At present, the laser industry does not provide a suitable solution for stitch welding of brass (under) and red copper (over), seam welding, T-shaped welding and fillet welding, and the welding effect is also rough in surface effect, poor in appearance and low in strength due to zinc vapor in the brass. The existing laser welding can realize the laser welding of brass on the upper part and copper on the lower part, but the strength and the appearance effect are not very good.
In the prior art, the effect of stitch welding red copper (on) and brass (under) can be realized by resistance welding, but the effects of seam welding, T-shaped welding and fillet welding cannot be realized.
In view of the foregoing, there is a need for a laser welding method for brass and red copper, which can weld red copper above brass, has a good welding appearance effect, and effectively improves welding strength.
Disclosure of Invention
The invention aims to provide the laser welding method for the brass and the red copper, which can realize the welding of the red copper above the brass, has good welding appearance effect and effectively improves the welding strength.

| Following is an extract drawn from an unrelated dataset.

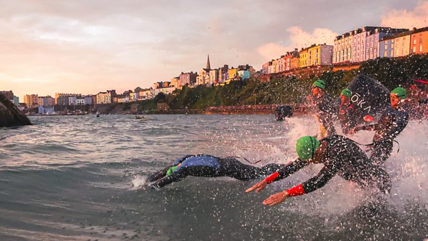 the event features a 2.4 mile sea swim, 112 mile Cycle race and a 26.2 Run. Featuring Welsh speaking athletes who are taking part in this iconic event.

The above purpose is realized by the following technical scheme: a laser welding method of brass and red copper, comprising the following steps:
(1) Placing the red copper to be welded above the brass, arranging a layer of tin sheet or tin paste between the red copper and the brass, and compacting the welding position;
(2) The laser beam focus irradiates on the upper surface of red copper, and the welding is carried out by a heat conduction mode.
According to the technical scheme, the laser can only directly heat the red copper, heat is transferred to the brass through heat conduction, a tin sheet or tin paste is added in the middle of the brass red copper to serve as a heat conduction material, the heat conduction effect is better, after the brass and the tin are melted, copper-tin alloy is formed, a large amount of zinc in the brass is dissolved in the copper-tin alloy to be fused to form tin bronze, zinc steam can be effectively prevented from overflowing, meanwhile, zinc can improve the fluidity of the alloy, the crystallization temperature range is reduced, reverse segregation is lightened, the brass red copper and the tin bronze can be firmly welded together, and the strength can reach more than 100kgf.
The further technical scheme is that the light spot at the optical fiber outlet of the laser welding equipment adopted in the step (2) is a flat-top light beam. Therefore, by adopting the flat-top light spot technology of square or round large light spots which are generally applied to laser quenching in a large range at present, the light spot power emitted by the optical fiber is uniformly distributed, unlike Gaussian beams, the center power is high, the edge power is low, and the welding effect is ensured.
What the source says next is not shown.